• **Work required**
Please return the data that follows precisely as written, but without the images.

-------- Provided data --------

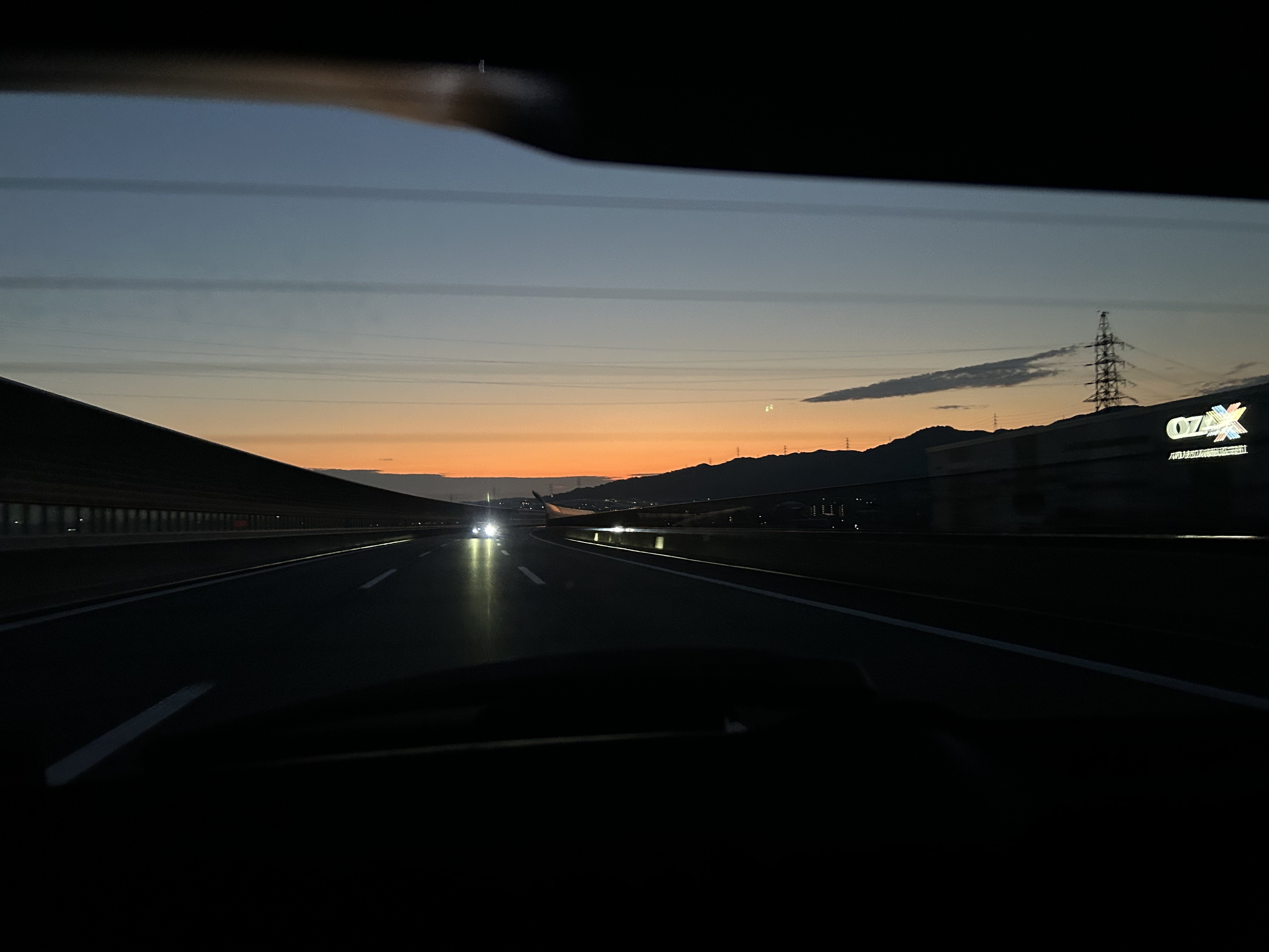 懷著不捨的心情睡了兩個小時,三點四十在夜晚的京都開車前往關西機場,從天黑開到日出,各種風味的日本都體驗到了
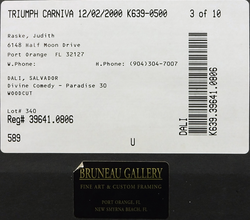 After: Salvador Dali, Spanish (1904 - 1989) Color wood engraving on Rives paper after a watercolor "Divine Comedy - Paradise 30". Signed in the block, blindstamp of the editor J. Estrade. COA and appraisal from Park West Gallery accompanies this lot. Good condition. Measures 9-1/2" x 7-1/8", frame measures 21-1/2" x 19". Shipping: 145.00 (estimate $200-$300)
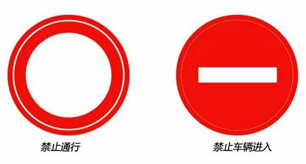 “禁止驶入”对象是机动车,可以驶出但不可驶入;“禁止通行”对象是所有通行者(行人和车辆),均不可通过。虽然在实际中突然看到对于这两个标识很难分辨,但是对于车辆来说,这两个标识都是禁止指令。
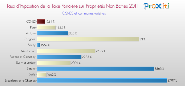 A noter : la valeur moyenne de ce taux de taxe foncière sur le non bâti dans les communes françaises similaires à Osnes était de 25.53 %, en 2011.
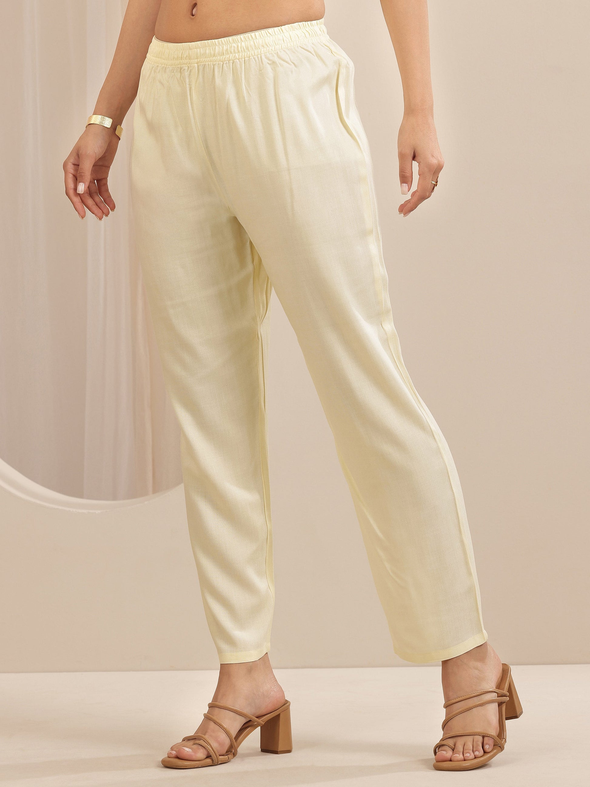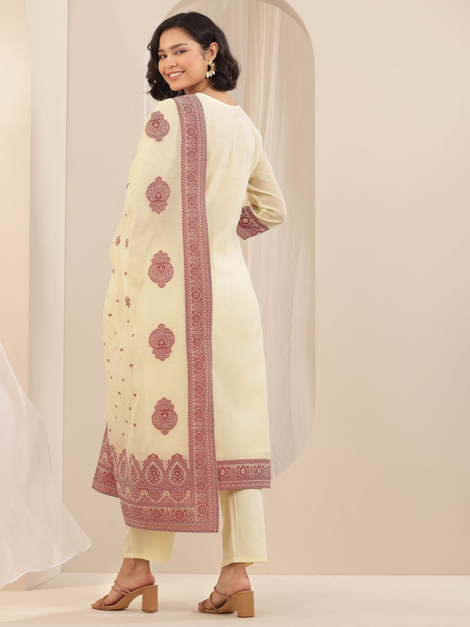 Our 3-piece cream Chanderi suit set features a straight-fit kurta set with a round neckline, regular sleeves, and a statement yoke. Complemented with straight pants with an elasticated waistband and a dupatta. Adorned with embroidered and printed self-design, this style is perfect for festive occasions.
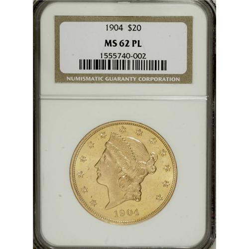 1904 $20 MS62 Prooflike NGC. A nicely reflective repre
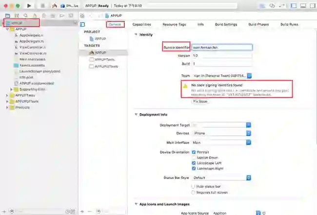 2.1用xocde打开你的项目,点击进入设置证书界面。
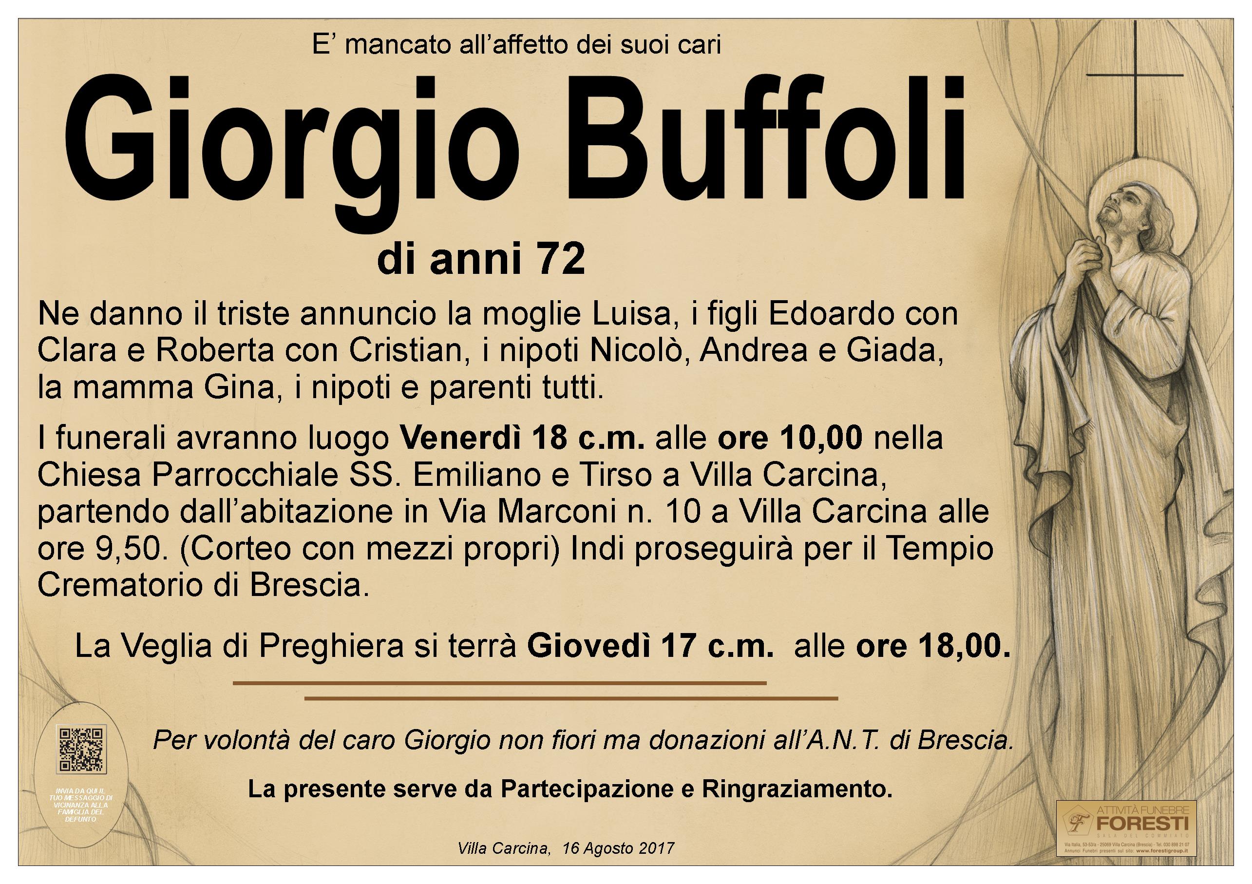 Il Presidente della sezione AVIS di Villa Carcina, il Consiglio Direttivo e tutti i donatori sono vicini alla famiglia nel ricordo del Consigliere Giorgio Buffoli, instancabile collaboratore e carissimo amico, esempio di altruismo e generosità.
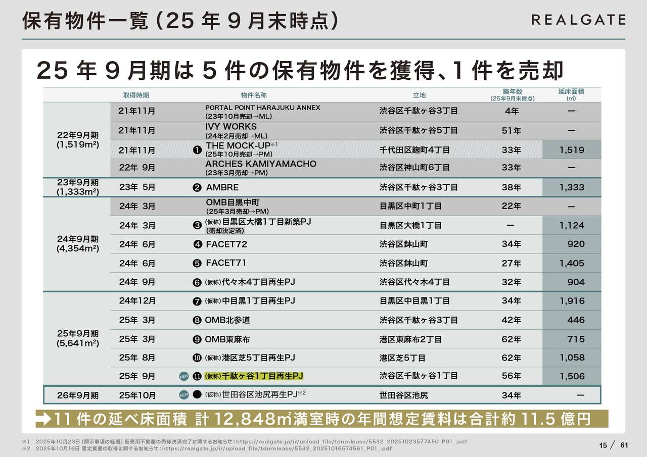 スライドには保有物件の一覧が記載されています。2025年9月期には5物件を保有し、1物件を売却しました。これにより、合計で11物件となっています。
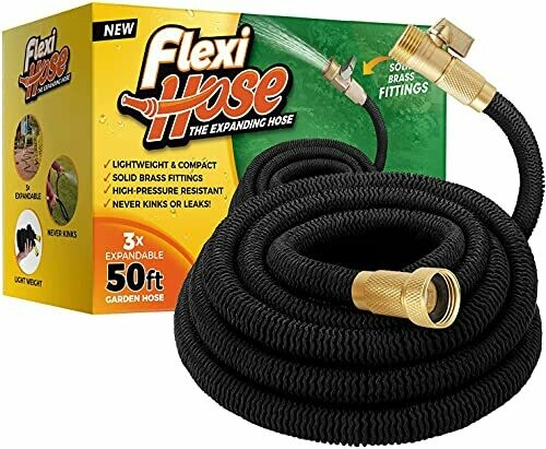 - The Flexi Hose expandable garden hose automatically expands to the stated product length - roughly 3 times extension - with standard pressure when water is turned on, and shortens to compact length when the water is turned off. Storing the Flexi Hose is a breeze!
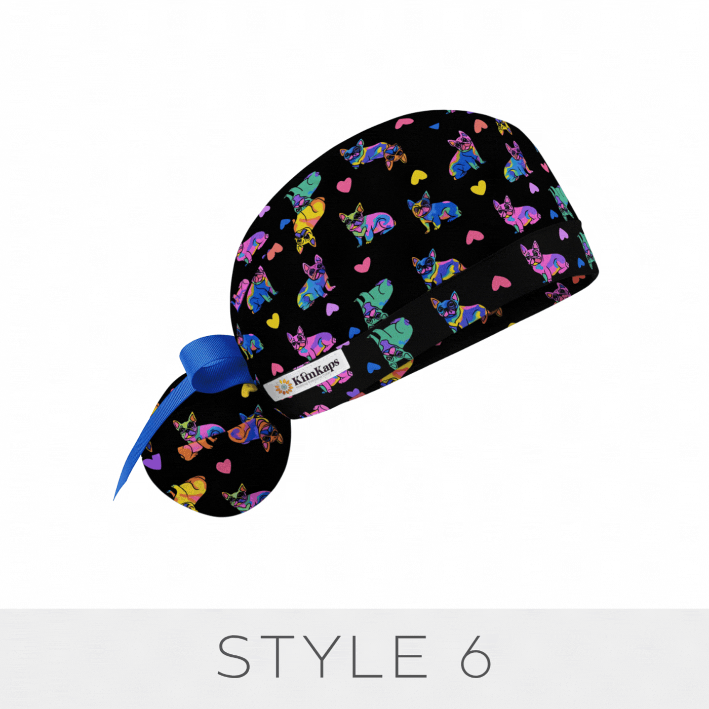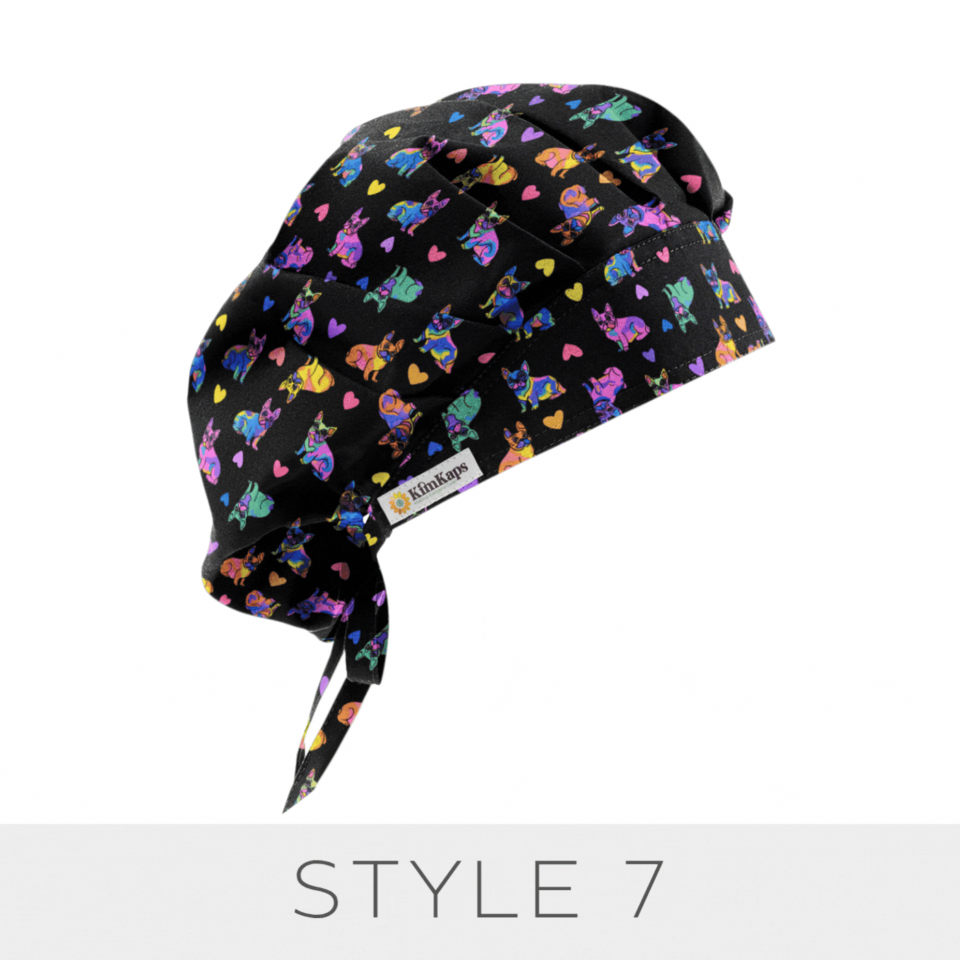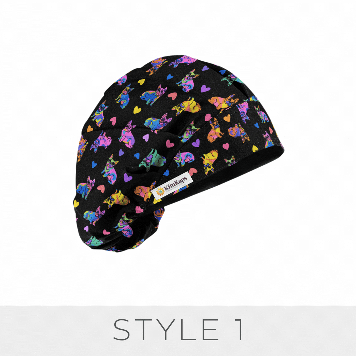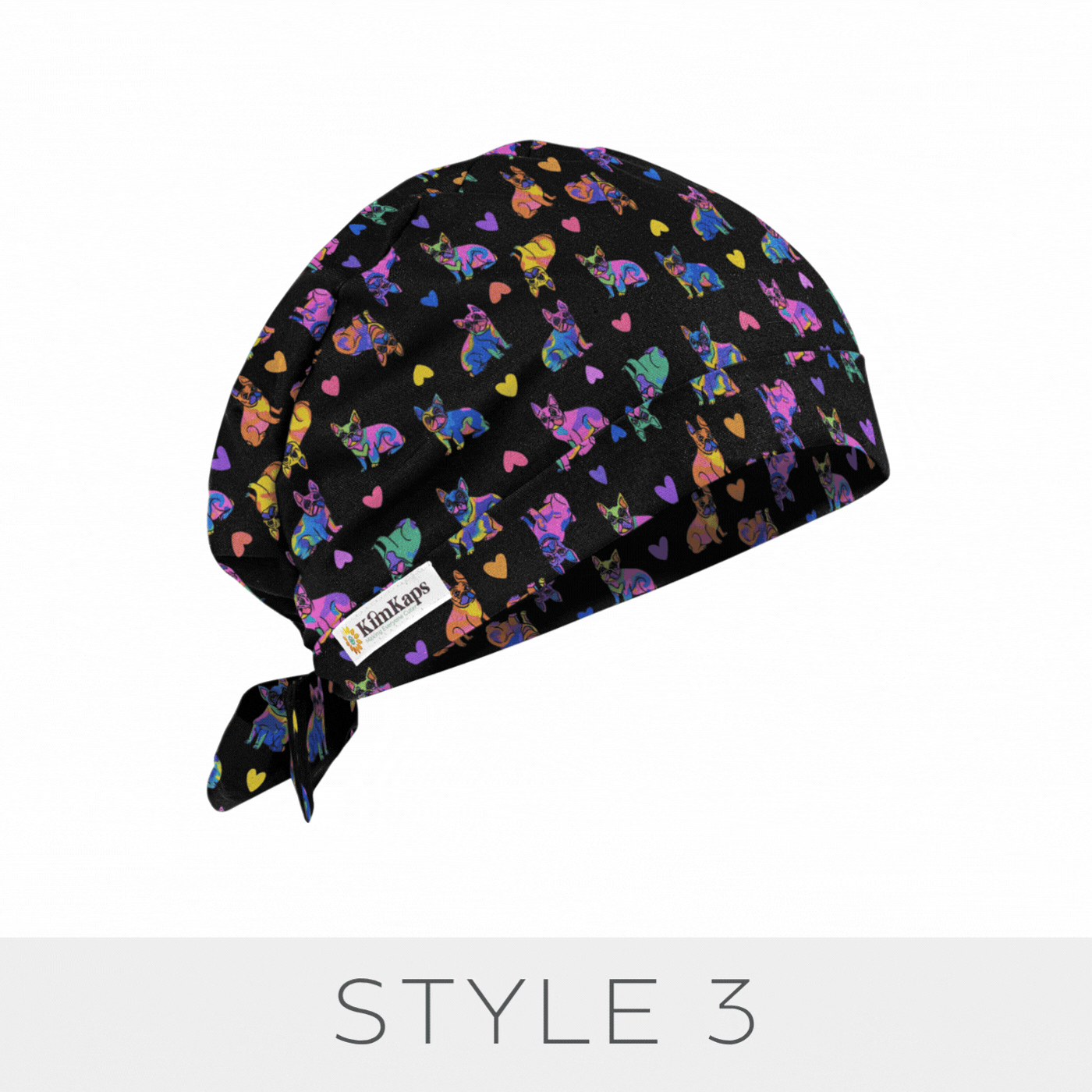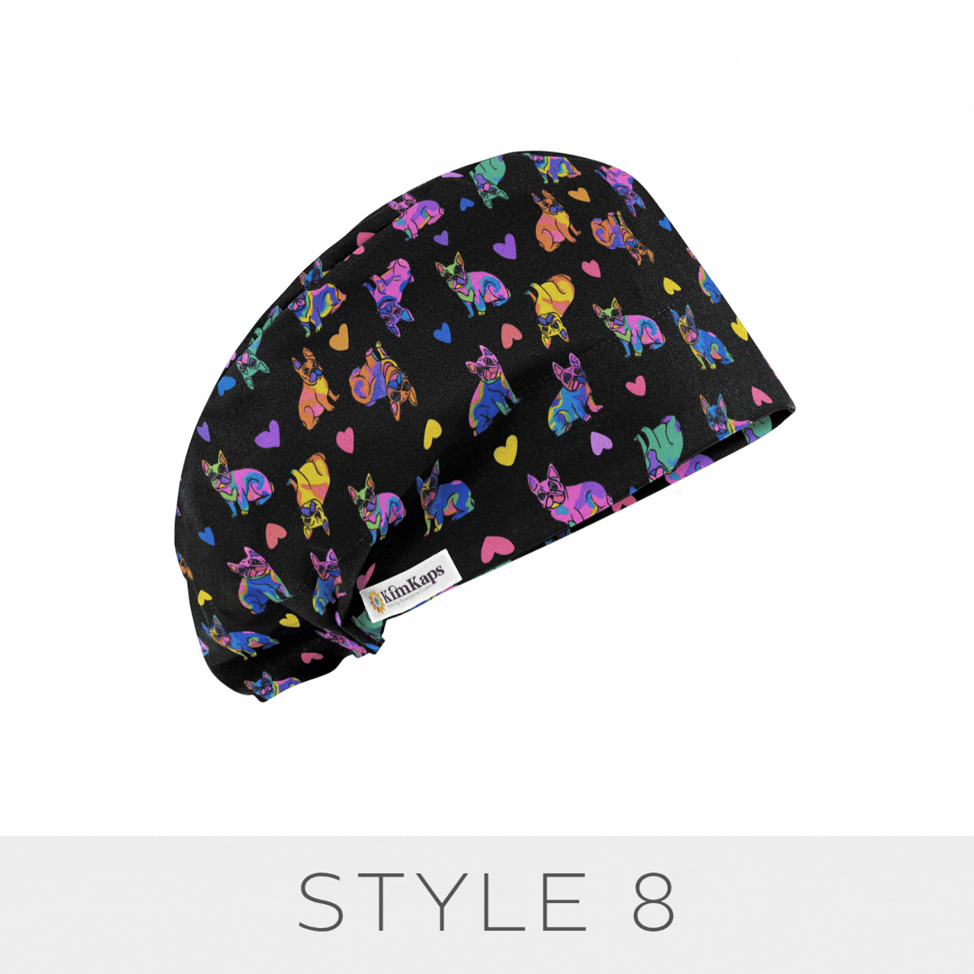 Color Me Frenchie is bursting with big personality and even bigger charm. Featuring vibrant, rainbow-hued French bulldogs on a bold black background, scrub cap with dogs is all about confidence, color, and fun. Scattered hearts add an extra dose of love, because Frenchies don’t do anything halfway.

--------

• **Response to this exercise**
 懷著不捨的心情睡了兩個小時,三點四十在夜晚的京都開車前往關西機場,從天黑開到日出,各種風味的日本都體驗到了
 After: Salvador Dali, Spanish (1904 - 1989) Color wood engraving on Rives paper after a watercolor "Divine Comedy - Paradise 30". Signed in the block, blindstamp of the editor J. Estrade. COA and appraisal from Park West Gallery accompanies this lot. Good condition. Measures 9-1/2" x 7-1/8", frame measures 21-1/2" x 19". Shipping: 145.00 (estimate $200-$300)
 “禁止驶入”对象是机动车,可以驶出但不可驶入;“禁止通行”对象是所有通行者(行人和车辆),均不可通过。虽然在实际中突然看到对于这两个标识很难分辨,但是对于车辆来说,这两个标识都是禁止指令。
 A noter : la valeur moyenne de ce taux de taxe foncière sur le non bâti dans les communes françaises similaires à Osnes était de 25.53 %, en 2011.
 Our 3-piece cream Chanderi suit set features a straight-fit kurta set with a round neckline, regular sleeves, and a statement yoke. Complemented with straight pants with an elasticated waistband and a dupatta. Adorned with embroidered and printed self-design, this style is perfect for festive occasions.
 1904 $20 MS62 Prooflike NGC. A nicely reflective repre
 2.1用xocde打开你的项目,点击进入设置证书界面。
 Il Presidente della sezione AVIS di Villa Carcina, il Consiglio Direttivo e tutti i donatori sono vicini alla famiglia nel ricordo del Consigliere Giorgio Buffoli, instancabile collaboratore e carissimo amico, esempio di altruismo e generosità.
 スライドには保有物件の一覧が記載されています。2025年9月期には5物件を保有し、1物件を売却しました。これにより、合計で11物件となっています。
 - The Flexi Hose expandable garden hose automatically expands to the stated product length - roughly 3 times extension - with standard pressure when water is turned on, and shortens to compact length when the water is turned off. Storing the Flexi Hose is a breeze!
 Color Me Frenchie is bursting with big personality and even bigger charm. Featuring vibrant, rainbow-hued French bulldogs on a bold black background, scrub cap with dogs is all about confidence, color, and fun. Scattered hearts add an extra dose of love, because Frenchies don’t do anything halfway.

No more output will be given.